_Activity_
Repeat the records exactly as given. Do not include the pictures.

_Provided data_
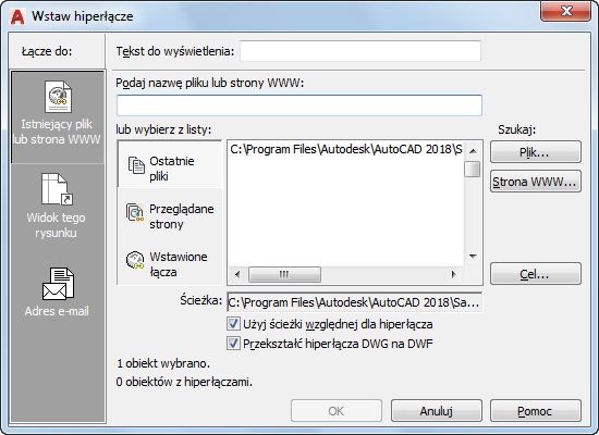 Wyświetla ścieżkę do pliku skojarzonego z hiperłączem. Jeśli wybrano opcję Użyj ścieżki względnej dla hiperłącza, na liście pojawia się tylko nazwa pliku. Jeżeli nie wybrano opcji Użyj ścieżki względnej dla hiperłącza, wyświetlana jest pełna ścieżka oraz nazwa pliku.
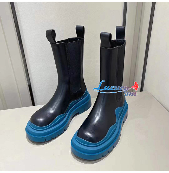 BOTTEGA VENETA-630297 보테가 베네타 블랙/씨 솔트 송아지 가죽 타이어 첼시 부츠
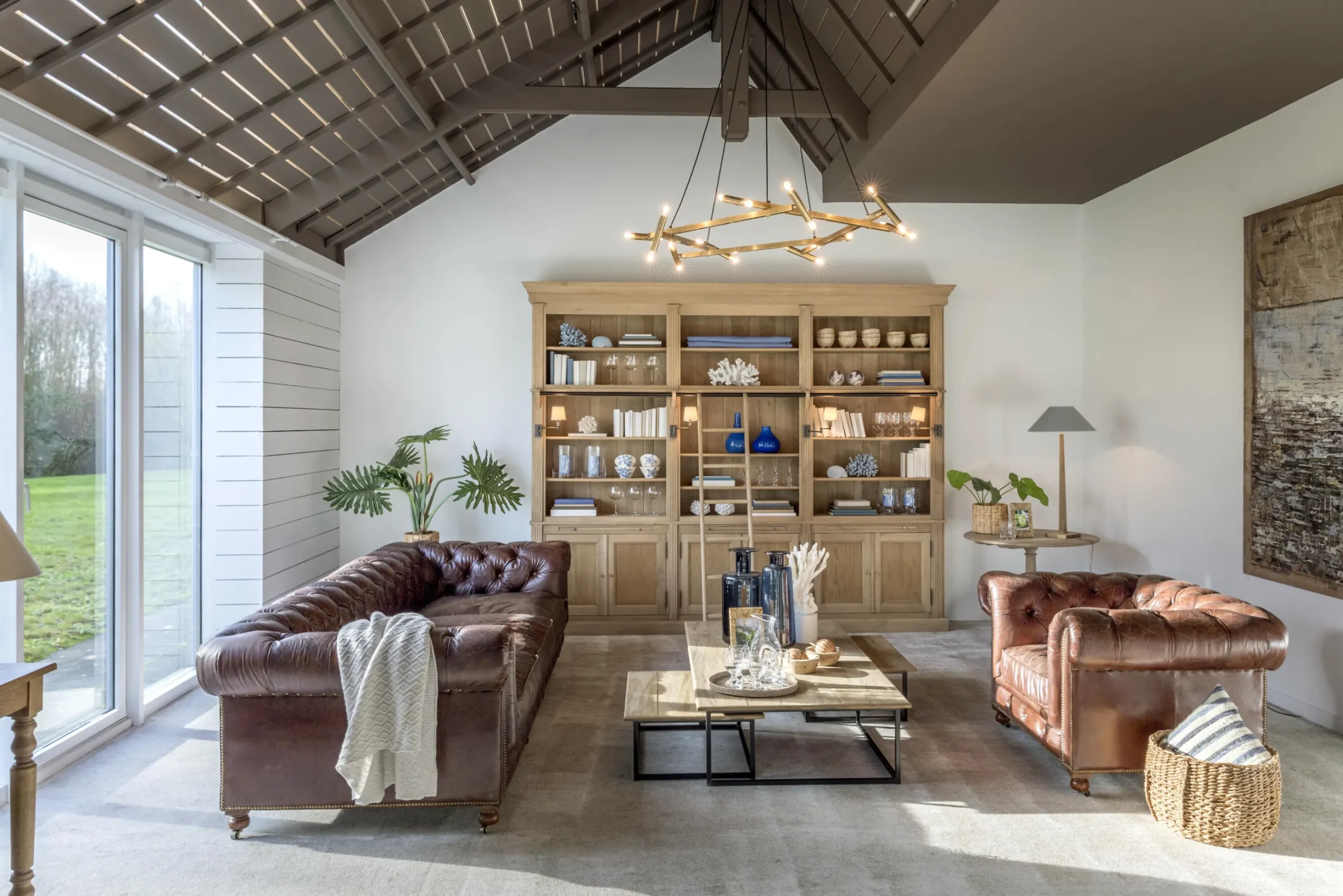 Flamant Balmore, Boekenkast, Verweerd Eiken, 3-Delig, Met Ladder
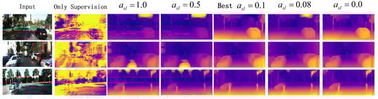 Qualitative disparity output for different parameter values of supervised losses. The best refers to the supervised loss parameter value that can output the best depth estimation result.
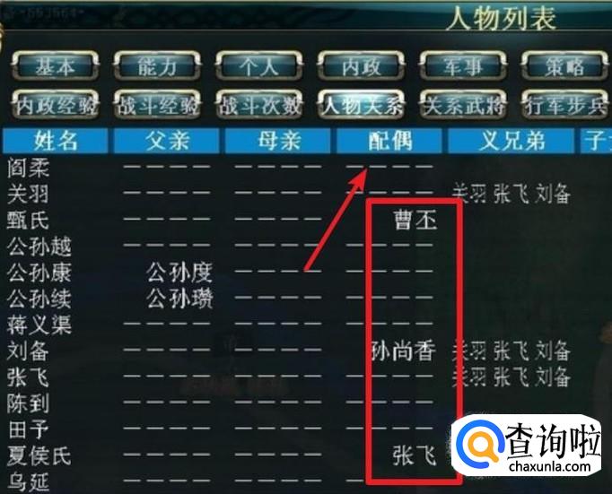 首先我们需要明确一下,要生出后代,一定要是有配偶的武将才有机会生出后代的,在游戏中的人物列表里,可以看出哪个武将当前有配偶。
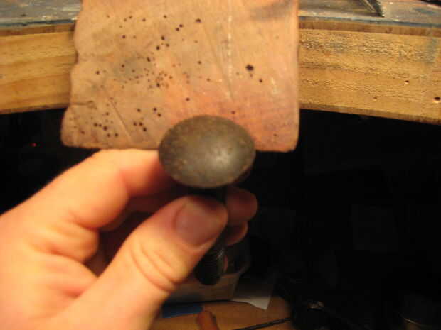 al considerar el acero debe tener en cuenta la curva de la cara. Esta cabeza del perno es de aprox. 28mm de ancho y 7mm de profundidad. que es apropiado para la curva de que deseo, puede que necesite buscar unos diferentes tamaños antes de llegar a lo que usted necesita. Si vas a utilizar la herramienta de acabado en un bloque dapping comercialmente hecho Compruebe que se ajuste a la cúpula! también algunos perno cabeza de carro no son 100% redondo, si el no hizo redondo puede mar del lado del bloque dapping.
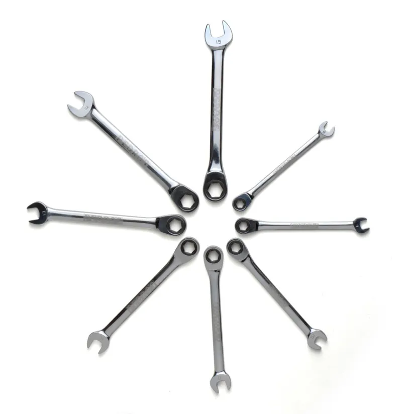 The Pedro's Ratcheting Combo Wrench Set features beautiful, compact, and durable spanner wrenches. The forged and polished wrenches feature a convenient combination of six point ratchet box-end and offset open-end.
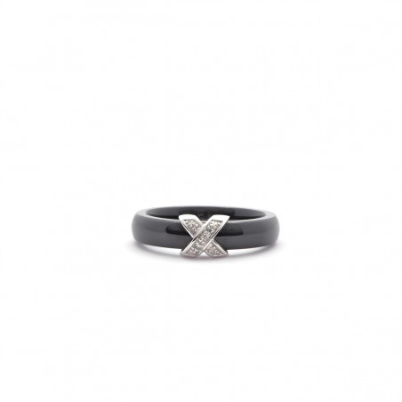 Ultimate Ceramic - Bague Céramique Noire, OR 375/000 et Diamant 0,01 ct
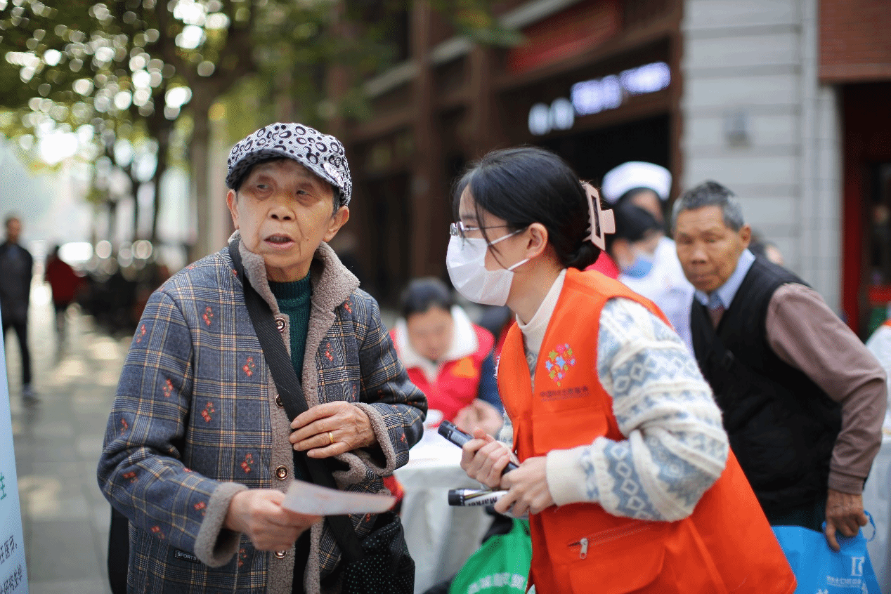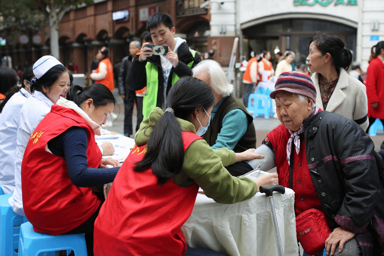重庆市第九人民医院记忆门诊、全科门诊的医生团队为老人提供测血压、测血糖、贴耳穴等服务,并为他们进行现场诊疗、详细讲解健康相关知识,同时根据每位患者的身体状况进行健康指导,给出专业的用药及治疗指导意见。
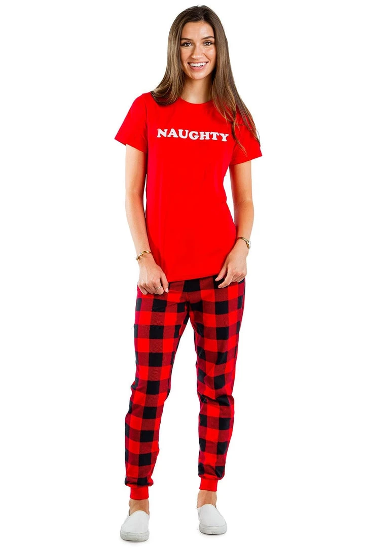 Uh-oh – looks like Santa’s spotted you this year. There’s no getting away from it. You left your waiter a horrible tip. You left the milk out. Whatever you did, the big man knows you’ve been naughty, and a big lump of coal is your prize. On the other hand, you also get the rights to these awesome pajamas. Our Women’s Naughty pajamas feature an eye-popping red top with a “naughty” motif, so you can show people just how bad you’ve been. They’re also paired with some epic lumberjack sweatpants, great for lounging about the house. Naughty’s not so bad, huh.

_Answer section_
 Wyświetla ścieżkę do pliku skojarzonego z hiperłączem. Jeśli wybrano opcję Użyj ścieżki względnej dla hiperłącza, na liście pojawia się tylko nazwa pliku. Jeżeli nie wybrano opcji Użyj ścieżki względnej dla hiperłącza, wyświetlana jest pełna ścieżka oraz nazwa pliku.
 BOTTEGA VENETA-630297 보테가 베네타 블랙/씨 솔트 송아지 가죽 타이어 첼시 부츠
 Flamant Balmore, Boekenkast, Verweerd Eiken, 3-Delig, Met Ladder
 Qualitative disparity output for different parameter values of supervised losses. The best refers to the supervised loss parameter value that can output the best depth estimation result.
 首先我们需要明确一下,要生出后代,一定要是有配偶的武将才有机会生出后代的,在游戏中的人物列表里,可以看出哪个武将当前有配偶。
 al considerar el acero debe tener en cuenta la curva de la cara. Esta cabeza del perno es de aprox. 28mm de ancho y 7mm de profundidad. que es apropiado para la curva de que deseo, puede que necesite buscar unos diferentes tamaños antes de llegar a lo que usted necesita. Si vas a utilizar la herramienta de acabado en un bloque dapping comercialmente hecho Compruebe que se ajuste a la cúpula! también algunos perno cabeza de carro no son 100% redondo, si el no hizo redondo puede mar del lado del bloque dapping.
 The Pedro's Ratcheting Combo Wrench Set features beautiful, compact, and durable spanner wrenches. The forged and polished wrenches feature a convenient combination of six point ratchet box-end and offset open-end.
 Ultimate Ceramic - Bague Céramique Noire, OR 375/000 et Diamant 0,01 ct
重庆市第九人民医院记忆门诊、全科门诊的医生团队为老人提供测血压、测血糖、贴耳穴等服务,并为他们进行现场诊疗、详细讲解健康相关知识,同时根据每位患者的身体状况进行健康指导,给出专业的用药及治疗指导意见。
 Uh-oh – looks like Santa’s spotted you this year. There’s no getting away from it. You left your waiter a horrible tip. You left the milk out. Whatever you did, the big man knows you’ve been naughty, and a big lump of coal is your prize. On the other hand, you also get the rights to these awesome pajamas. Our Women’s Naughty pajamas feature an eye-popping red top with a “naughty” motif, so you can show people just how bad you’ve been. They’re also paired with some epic lumberjack sweatpants, great for lounging about the house. Naughty’s not so bad, huh.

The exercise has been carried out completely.